Called by /aspirations: After every goal completion (spark check); --batch-micro at session-end consolidation
Called by /aspirations-state-update: Step 8.75 after productive goal execution with notable outcomes
Called by /review-hypotheses --learn: For each resolved hypothesis with reflected: false (horizon gate routes session→lightweight, short/long→full)
Calls /replay: During full-cycle mode (Step 2.5) for hippocampal replay
Calls /research-topic: When a knowledge gap is identified
Calls /aspirations add: When a new aspiration emerges from patterns
Calls /reflect-tree-update: Shared tree update protocol used by reflect-on-outcome (Hypothesis mode) and reflect-on-self (Patterns mode)
Calls /tree maintain: When new categories detected or article counts cross thresholds (Step 8.5)
Updates discovery filters: Adds new trap types to discovery lessons-learned
Updates evaluation calibration: Adjusts evaluation weights based on calibration data
Updates pattern signatures (via pattern-signatures-add.sh, pattern-signatures-record-outcome.sh): New signatures, accuracy updates, separation markers
Updates working memory (via wm-append.sh): Encoding queue items from Step 2.5
Updates agents/<agent>/developmental-stage.yaml: Schema operations (assimilation/accommodation)
Updates meta/skill-gaps.yaml: Capability gap detection (Spark Q6) and skill underperformance (Spark Q7)

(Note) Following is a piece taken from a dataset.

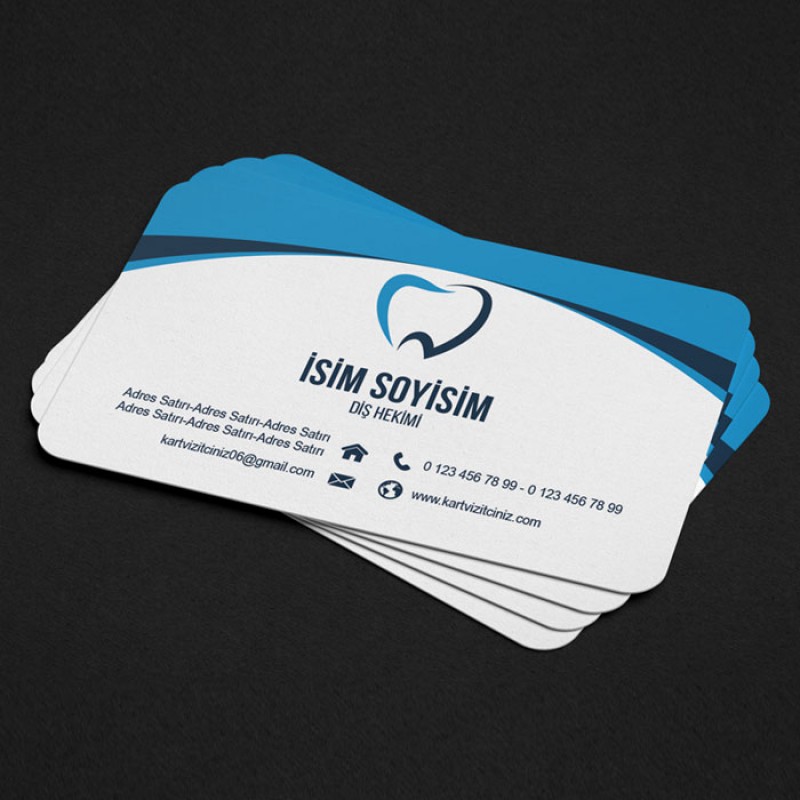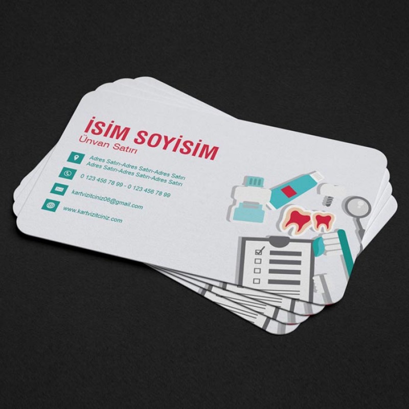 Diş hekimi kartvizitleri iyi tasarımların olduğu bir diğer kartvizit kategorilerinden' dir. Diş hekimleri kartvizitleri kendi açtıkları muayenelerinin tanıtımını yapmak ve müşteri çekmek için kartvizit sahibi olurlar. Çoğunlukla beyaz temalı bir kartvizit kullanırlar. Kartvizitlerinin beyaz olmasının nedeni ise hem sade ve anlaşılır olması hem de meslekleri ile ilişkili bir renk olmasıdır. Diş hekimleri alışılagelmiş şablonlardan kartvizit çıkartabilirler. Ya da kendi çizimleri ile tasarımlarını yaptıkları kartvizit çıkarabilirler. Bu sektörde çalışanların da çok yaratıcı ve mizahi kartvizitleri bulunmaktadır.Diş hekimi Kartvizitleri, Diş Hekimi Kartvizit Modelleri, Diş Hekimi Kartvizit ÖrnekleriDiş hekimi Kartvizit Fiyatları,

Active Forgetting — Decay Formula Reference

retention_score = base_decay^days_since_last_access × (1 + retrieval_count × retrieval_boost)

Default parameters: base_decay=0.95, retrieval_boost=0.15. See /reflect-maintain (Memory Curation mode) for full active forgetting procedures (interference detection, reconsolidation windows, protection rules).

Return Protocol

See .claude/rules/return-protocol.md — last action must be a tool call, not text.